Sisyphe is a modulable NodeJS BIG-DATA analyser & transformer

Primary LanguageJavaScriptOtherNOASSERTION

Build Status bitHound Overall Score

sisyphe

Sisyphe

Sisyphe is a generic NodeJS recursive folder analyser terminal application & a (lerna) git monorepo.

Sisyphe-pic

Requirements

Tested with NodeJS@8.X, Redis@3.2.6

Works on Linux/OSX/Windows

Example to run a quick local redis (thanks to docker):

docker run --name sisyphe-redis -p 6379:6379 redis:3.2.6

Install it

  1. Download the latest Sisyphe version
  2. Just do : npm install (this will execute a npm postinstall)
  3. ... that's it.

Test

npm run test will test sisyphe & its workers

Help

./app.js --help Will output help

Options

-V, --version               output the version number
-n, --corpusname <name>     Corpus name
-s, --select <name>         Select all module to deal with
-c, --config-dir <path>     Configuration folder path
-t, --thread <number>       The number of process which sisyphe will take
-b, --bundle <number>       Regroup jobs in bundle of jobs
-r, --remove-module <name>  Remove module name from the workflow
-q, --quiet                 Silence output
-l, --list                  List all available workers
-h, --help                  output usage information

How it works ?

Just start Sisyphe on a folder with any files in it.

node app -n corpusname ~/Documents/customfolder/corpus

node app -n corpusname -c ~/Documents/customfolder/corpusResources ~/Documents/customfolder/corpus

Sisyphe is now working in background with all your computer thread. Just take a coffee and wait , it will prevent you when it's done :)

The results of sisyphe are present @ sisyphe/out/{timestamp}-corpusname/ (errors,info,duration..)

For a control panel & full binded app, go to Sisyphe-monitor sisyphe has a server that allows to control it and to obtain more information on its execution. Simply run the server with npm run server to access these features

Sisyphe-dashboard

Modules

There is a list of default modules (focused on xml & pdf).

Those URL NEED to be updated when merge branch will be ok.

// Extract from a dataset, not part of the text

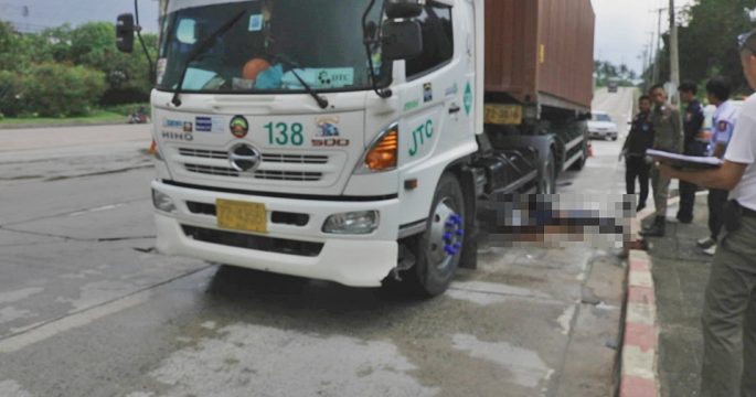 ชลบุรี 12 พ.ค.-หนุ่มพนักงานชิปปิ้งขี่รถจักรยานยนต์เลี้ยวออกมาจากทางแยก ถูกรถบรรทุกพ่วง 18 ล้อ เฉี่ยวชนทับร่างดับสยอง เมื่อเวลา 13.00 น.วันนี้ (12 พ.ค.) ศูนย์วิทยุหน่วยกู้ภัยศีลธรรม สมาคมบ้านบึง จุดบ่อวิน ได้รับแจ้งเกิดอุบัติเหตุรถ 18 ล้อเฉี่ยวชนรถจักรยานยนต์ บนถนนภายในนิคมอมตะซิตี้ หมู่ 3 ต.บ่อวิน อ.ศรีราชา จ.ชลบุรี เหตุเกิดบริเวณทางสามแยก พบรถบรรทุก 18 ล้อ หมายเลขทะเบียนส่วนหัว 72-4356 ชลบุรี และส่วนหาง 72-3816 ชลบุรี จอดอยู่ ใต้ท้องรถบรรทุกพบผู้เสียชีวิต 1 ราย ทราบชื่อคือ นายกฤตนัย ศิริสวัสดิ์ อายุ 22 ปี เป็นพนักงานชิปปิ้งของบริษัทแห่งหนึ่ง สภาพศพมีบาดแผลเจาะบริเวณกะโหลกศีรษะด้านขวา และแผลถลอกตามร่างกาย ใกล้กันพบรถจักรยานยนต์ คาวาซากิ สีเทา ทะเบียน 2 กฆ-9023 ชลบุรี ล้มคว่ำอยู่ […]

  • FILETYPE Will detect mimetype,extension, corrupted files..
  • PDF Will get info from PDF (version, author, meta...)
  • XML Will check if it's wellformed, valid-dtd's, get elements from balises ...
  • XPATH Will generate a complete list of xpaths from submitted folder
  • OUT Will export data to json file & ElasticSearch database
  • NB Try to assing some categories to an XML document by using its abstract
  • MULTICAT Try to assing some categories to an XML document by using its identifiers
  • TEEFT Try to extract keywords of a fulltext
  • SKEEFT Try to extract keywords of a structured fulltext by using teeft algorithm and text structuration

Developpement on worker

When you work on worker, just:

  • Commit your changes as easy
  • Do a npm run updated (to check what worker has changed)
  • Do a npm run publish (it will ask you to change version of module worker & publish it to github)

Modules informations

Some bugs could occured with certains files with 'skeeft' on windows module please just disactivate it until we fix.